## Your objective:
Below are records with pictures in them. Output exactly the lines from the one with "Shaquille O'Neal 1992" through the one with "16.8:00 17.English 18.an/one/1", both included, and leave every picture out; give only those lines.

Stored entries
——
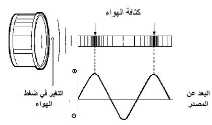 مِنَ اليسار: موجه طُوليّة – موجةُ صوتٍ، وفيها يتقدَّمُ الاضطراب في كثافة الهواء في الحيِّز.
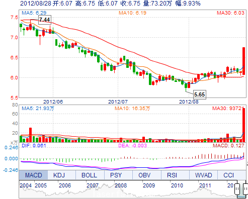 最 高: 6.75 成交額: 48695.84萬 換手率: 7.74%
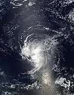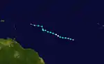 An area of disturbed weather east of the Windward Islands was designated Tropical Depression Six on August 31. Early on September 1, it was named Tropical Storm Felix, and it was upgraded to a hurricane later that day. Tracking generally westward, it rapidly intensified to Category 5, and after fluctuating in strength, made landfall on Nicaragua with 160 mph (260 km/h) winds. At least 133 deaths and more than $50 million (2007 USD) in damage have been attributed to Felix.[36] With Felix, the 2007 Atlantic hurricane season became the first known to include two hurricanes making landfall at Category 5;[37] hurricanes Irma and Maria made landfall at Category 5 intensity during the 2017 Atlantic season.
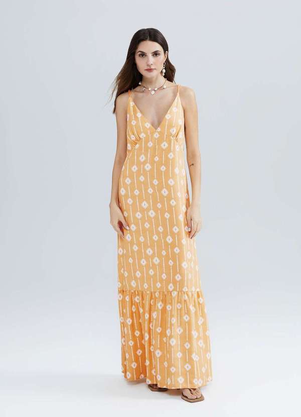 Vestido longo elaborado em tecido de viscose com estampa vibrante. Os franzidos na barra acrescentam um toque de sofisticação e movimento. Detalhes da peça: Em tecido Modelagem evasê Comprimento longo Decote V Alças finas Amarração costas Franzidos na barra
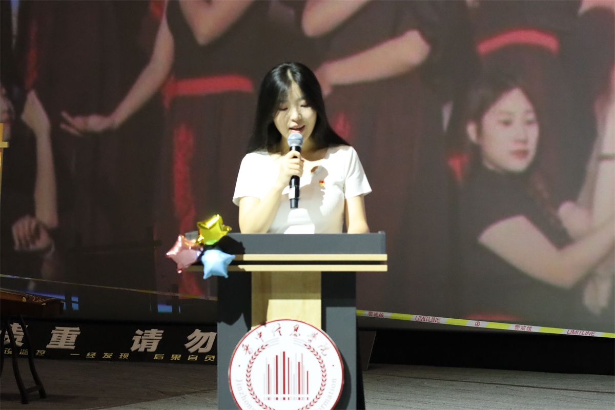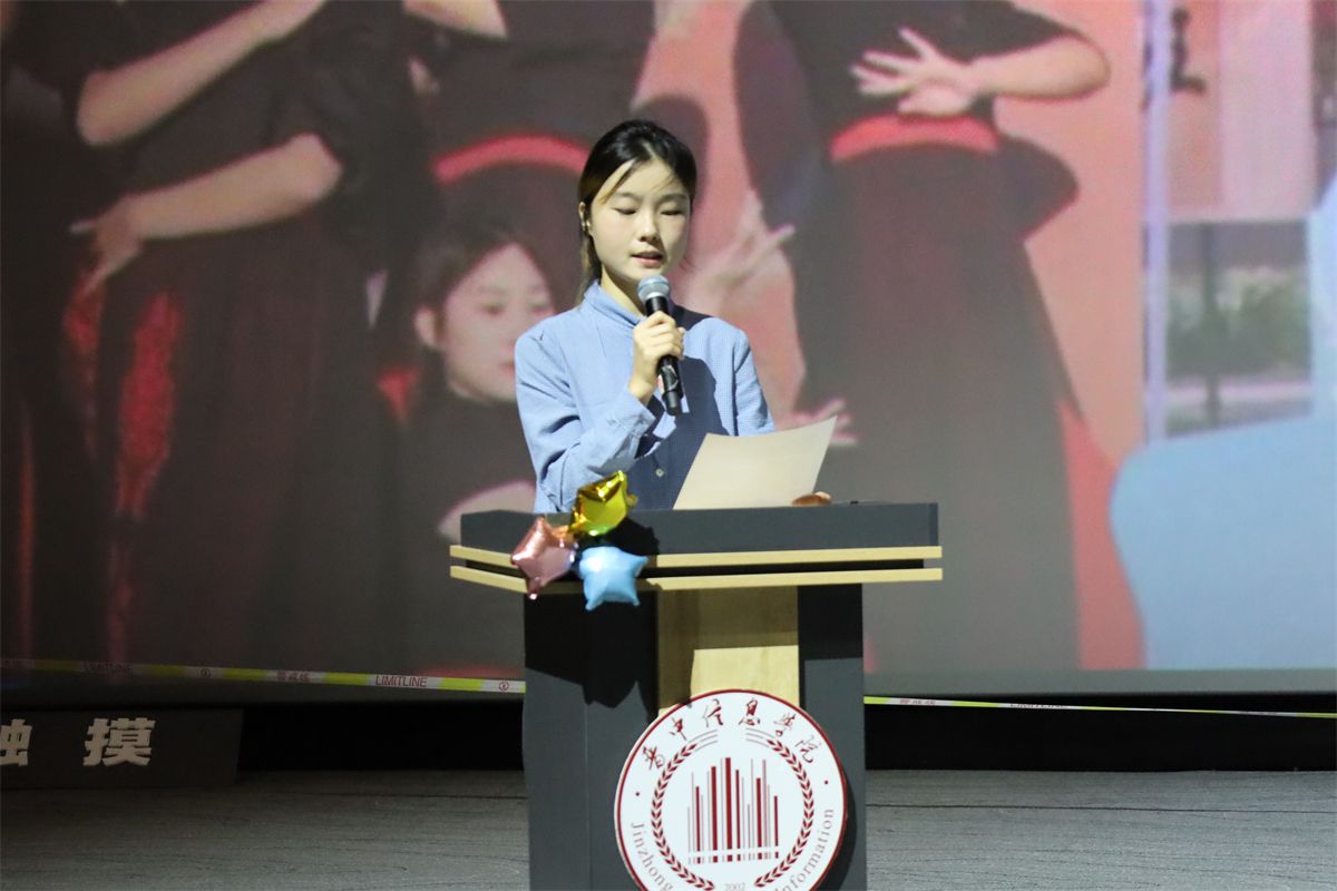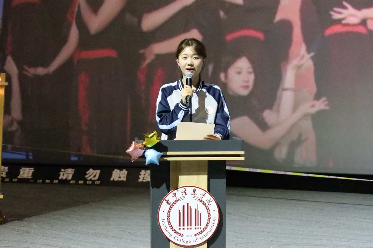英语2204班刘凤荣作为老生代表,以“坐标”为关键词分享成长。从班级团支书到团总支学生副书记,她在班级工作、志愿服务与活动组织中,实现了从“关注自我”到“服务集体”的转变,也领悟到成长坐标的真谛——起点是“眼里有他人”,延伸是“肩上有责任”,价值是“心中有温度”。她寄语新生,成长的坐标就藏在每一次选择里,愿大家以热爱与担当,在大学不断校准方向、实现蜕变。英语2501班范睿钰与英语(专升本)2502班郭坤梅作为新生代表依次登台,言语间满是初入商英大家庭的激动与期待,既表达了对未来专业学习的向往,也传递出积极探索、勇于挑战的决心,真挚的情感引发全场新生的强烈共鸣,彰显出2025级新生的昂扬姿态。
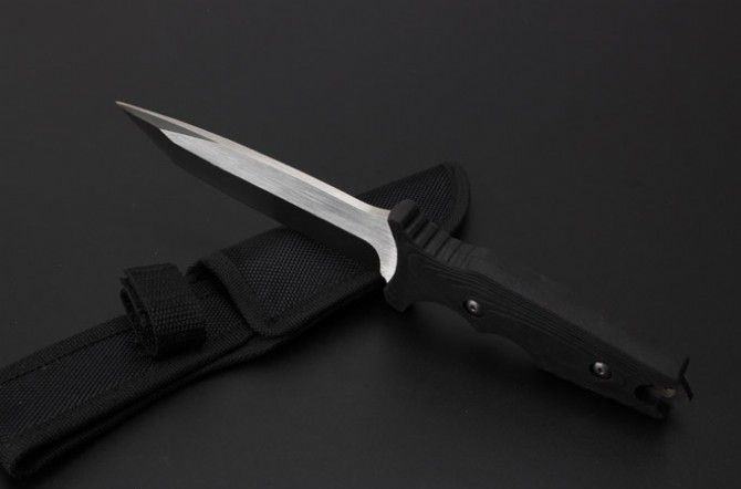 全 长:258mm 刃 长:132mm 柄 长:125mm 刃 宽:31mm 刃 厚:3.9mm 刃 材:5Cr13Mov 重 量:231g(含包装) 硬 度:56HRC 表 面:沙光 柄 材:橡塑 锁 型:定锁 其 他:配黑色牛津套
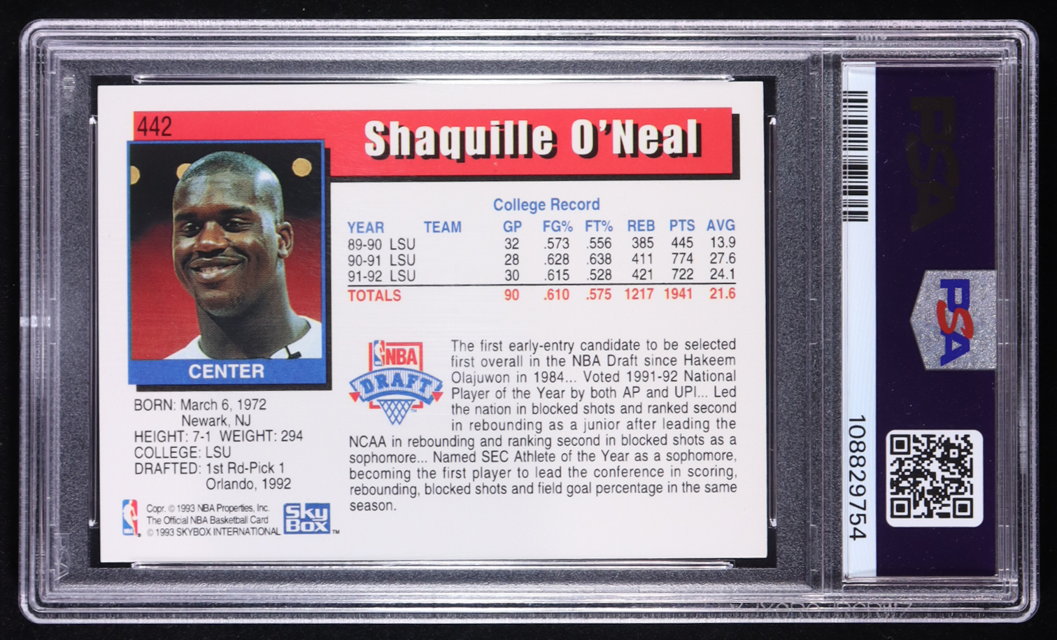 Shaquille O'Neal 1992 NBA Hoops #442 RC (PSA 9)
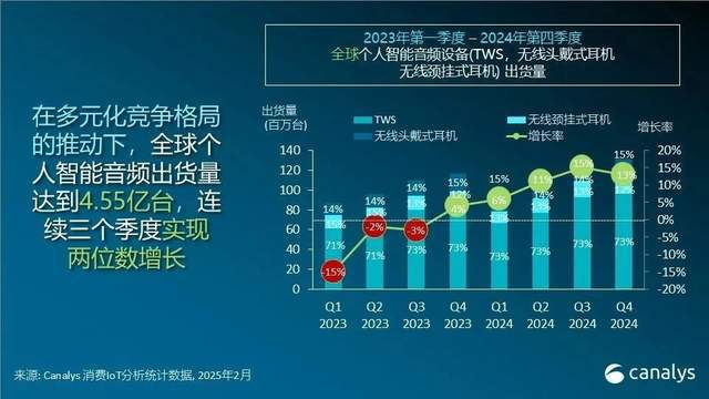 通勤的地铁上,点开喜欢的播客;周末家庭聚会,无线麦克风K个歌,更别提打工人随时随地打个语音电话、听觉障碍群体日常使用的助听器……这些都说明,音频的重要性在上升。Canalys的数据也显示,2024年全球个人智能音频设备(包括TWS、无线头戴式耳机和无线颈挂式耳机)的出货量达到4.55亿台,同比增长11.2%。
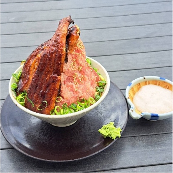 うなぎとまぐろの二大食材を使用した“スタミナ丼”。濃厚なうなぎのタレと、脂の乗ったまぐろの相性は抜群。インスタ映え間違いなし。
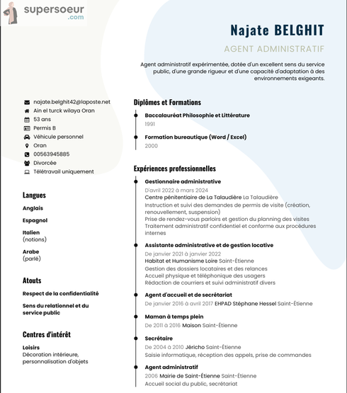 Experte en gestion administrative et habituée à la relation usager avec bienveillance et courtoisie, je sais écouter, conseiller ,et accompagner efficacement. Autonome, organisée et rigoureuse, je suis disponible immédiatement pour m'investir dans un poste de chargée de clientèle en télétravail.
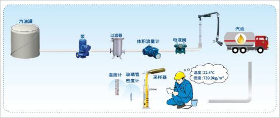 目前,销售公司的体积值一般采用体积流量计获取,温度、压力、密度均由人工测量换算获取。
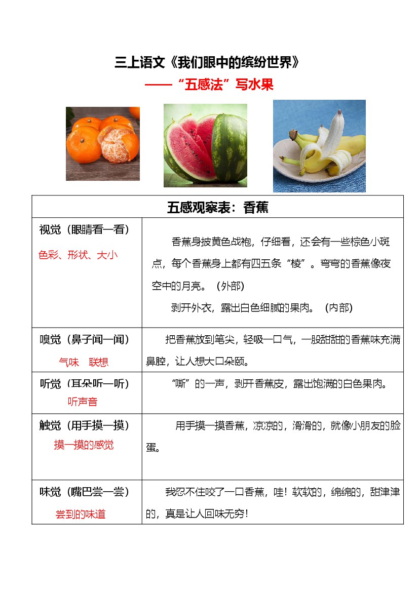 三年级(上)语文 《我们眼中的缤纷世界》五感法写香蕉
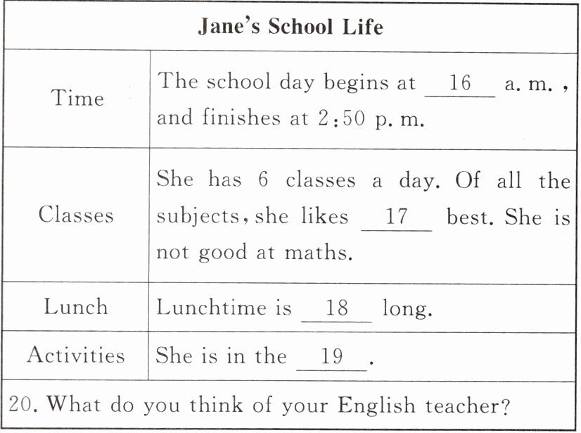 16.8:00 17.English 18.an/one/1 hour 19.art club 20.She is strict but really cares about us./...
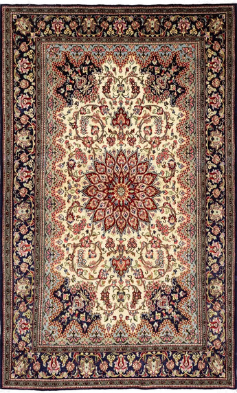 Ghom (ibland stavat Qom) är en stad i centrala Iran känd för att producera några av de finaste och mest exklusiva persiska mattorna. Här är en detaljerad översikt över Ghom-mattor: Ghom ligger cirka 150 km söder om Teheran och är en viktig religiös och kulturell stad i Persien. Staden har en lång tradition av mattvävning. Ghom-mattor är kända för sin exceptionella kvalitet och är oftast handknutna med mycket hög knuttäthet, vilket ger dem en mjuk och tät yta. Ghom-mattor är kända för sina komplexa och vackra mönster som ofta inkluderar blomsterarrangemang, medaljonger och ibland även figurativa motiv som djur och människor. De är ofta inspirerade av klassiska persiska mönster och har en symmetri som är både estetiskt tilltalande och harmonisk. Dessa mattor använder ett brett utbud av färger, inklusive livfulla röda, blåa, gröna och guldtoner. Färgningen görs traditionellt med naturliga färgämnen, vilket ger djup och lyster till mattorna. En av de mest utmärkande egenskaperna hos Ghom-mattor är att de ofta är gjorda av siden eller en blandning av siden och ull. Sidenmattor från Ghom är särskilt kända för sin mjuka, glansiga yta och sina detaljerade mönster. Det finns också mattor som helt är gjorda av finull eller en kombination av ull och bomull. Dessa mattor är också av mycket hög kvalitet och hållbara. Ghom-mattor finns i olika storlekar, från små bönemattor till större rumsmattor, och de kan vara rektangulära, kvadratiska eller runda. Tack vare sin höga kvalitet och hantverk har Ghom-mattor ett högt marknadsvärde. De är populära bland samlare och kan vara dyra, särskilt de som är gjorda av rent siden. Många betraktar Ghom-mattor som investeringsobjekt på grund av deras hållbarhet och estetiska värde.
——
## Written response:
 Shaquille O'Neal 1992 NBA Hoops #442 RC (PSA 9)
 通勤的地铁上,点开喜欢的播客;周末家庭聚会,无线麦克风K个歌,更别提打工人随时随地打个语音电话、听觉障碍群体日常使用的助听器……这些都说明,音频的重要性在上升。Canalys的数据也显示,2024年全球个人智能音频设备(包括TWS、无线头戴式耳机和无线颈挂式耳机)的出货量达到4.55亿台,同比增长11.2%。
 うなぎとまぐろの二大食材を使用した“スタミナ丼”。濃厚なうなぎのタレと、脂の乗ったまぐろの相性は抜群。インスタ映え間違いなし。
 Experte en gestion administrative et habituée à la relation usager avec bienveillance et courtoisie, je sais écouter, conseiller ,et accompagner efficacement. Autonome, organisée et rigoureuse, je suis disponible immédiatement pour m'investir dans un poste de chargée de clientèle en télétravail.
 目前,销售公司的体积值一般采用体积流量计获取,温度、压力、密度均由人工测量换算获取。
 三年级(上)语文 《我们眼中的缤纷世界》五感法写香蕉
 16.8:00 17.English 18.an/one/1 hour 19.art club 20.She is strict but really cares about us./...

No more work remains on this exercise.